Do your children ask you the same question 80 times in a row? My 5-year old does, and sometimes I think it’s due to her age — distracted, impatient, excited, forgetful, enthusiastic — and sometimes it’s because she’s hoping for a different answer.
“Can I have a snack?”
“No. We’re having dinner in 20 minutes.”
“Can I have pretzels?”
“No. We’re having dinner in 20 minutes.”
“Can I have yogurt?”
OH MY GOD!
Have you been there?
Sometimes it’s not because she’s hoping for a different answer. This can be just as exasperating.
“Are we going to the library after school?”
“Can we go to the library after school?”
“When are we going to the library?”
Like every parent I’ve talked to, I’m tempted to say, “If you ask me again, we’re not going/you’re not having that/there will be no iPad/Christmas/baby cousin you’re so excited about.”
But I try to remember what I learned from Amy McCready, the Positive Parenting guru, and keep the consequences relevant to the behavior.
So what does Amy say about incessant question asking?

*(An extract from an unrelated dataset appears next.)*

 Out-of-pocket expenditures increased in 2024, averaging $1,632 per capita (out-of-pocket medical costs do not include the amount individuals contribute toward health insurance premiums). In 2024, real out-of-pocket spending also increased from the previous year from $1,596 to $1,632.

She says that we probably have trained our child that if they’ve ask enough times, they might get a new response. So, like any dog trainer will tell you, it’s on us to change our behavior. Here are the steps she recommends to end child nagging and negotiating. In her example, “Daniel” is asking to dig a hole in the yard in five-minute increments.
Step One: Ask, “Have you ever heard of ‘Asked and Answered’?” (He’ll probably say no.)

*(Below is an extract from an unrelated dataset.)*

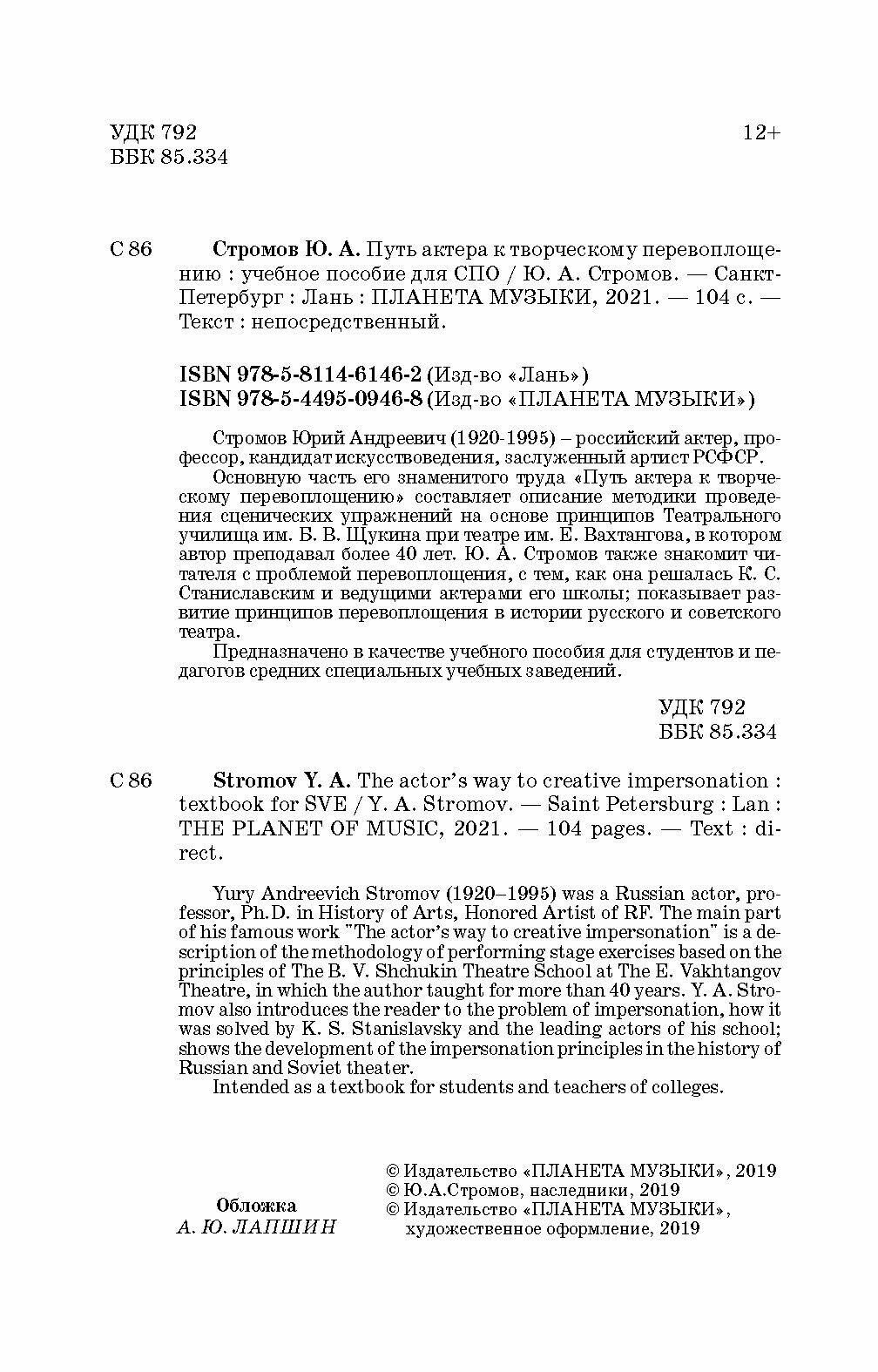 Путь актера к творческому перевоплощению (Ю. А. Стромов); Издательство «Планета музыки», 2024

Step Two: Ask, “Did you ask me a question about digging a hole?” (He’ll say yes.)
Step Three: Ask, “Did I answer it?” (He’ll probably say, “Yes, but, I really ….”)
Step Four: Ask, “Do I look like the kind of mom/dad/teacher who will change her/his mind if you ask me the same thing over and over?” (Chances are Daniel will walk away, maybe with a frustrated grunt, and engage in something else.)
Step Five: If Daniel asks again, simply say, “Asked and Answered.” (No other words are necessary!) Once this technique has been established, these are the only words you should need to say to address nagging questions.
A commenter on Amy’s site said that she had a similar strategy, but used the abbreviation “EOD” with her kids, which she had taught them meant “End of Discussion.”
I’ve been trying to use “Asked and Answered” with Scarlett, when I remember. It doesn’t solve everything, but I think it’s a useful tool. The only part I don’t feel great about is “Do I look like the kind of parent who will change her mind?” because I think it carries an undertone of sarcasm, used not for humor, but to make the other person feel stupid, and that’s not a dynamic I want to model in my house. Sort of like the hostile, “Do you think this refrigerator is going to close itself?” versus the more direct, “Close the fridge, please.” Maybe when my children are older, I’ll ask them if they think my gas tank is going to fill itself up, but for now, I’m trying to teach kindness.
Last night, Scarlett was talking loudly and incessantly after bedtime, and I told her to lay still and let herself fall asleep. She asked me to get in her top bunk with her. I said that I would not get in her bed because she was talking, so she had lost that privilege. She asked for a second chance. I reminded her that she already knew she needed to be quiet and since she knew that, I wasn’t going to lay down with her because instead of being quiet, she was talking. Guess what she said then.
“Can you get in my bed with me?”
I said nothing while I thought about the right way to respond.
“Are you kidding me?” I wanted to say. “Are you freaking insane?” “Do I look like a parent who is going to get in your bed after you’ve been yelling nonsense words mixed with pop music lyrics for ten straight minutes?”
While I mulled this over for a few seconds, silently trying to temper my inner sarcastic voice, I heard a little voice from the top bunk say, “Asked and answered.”
What do you guys think? If your child is over four, do you think “Asked and Answered” could be a solution for nagging?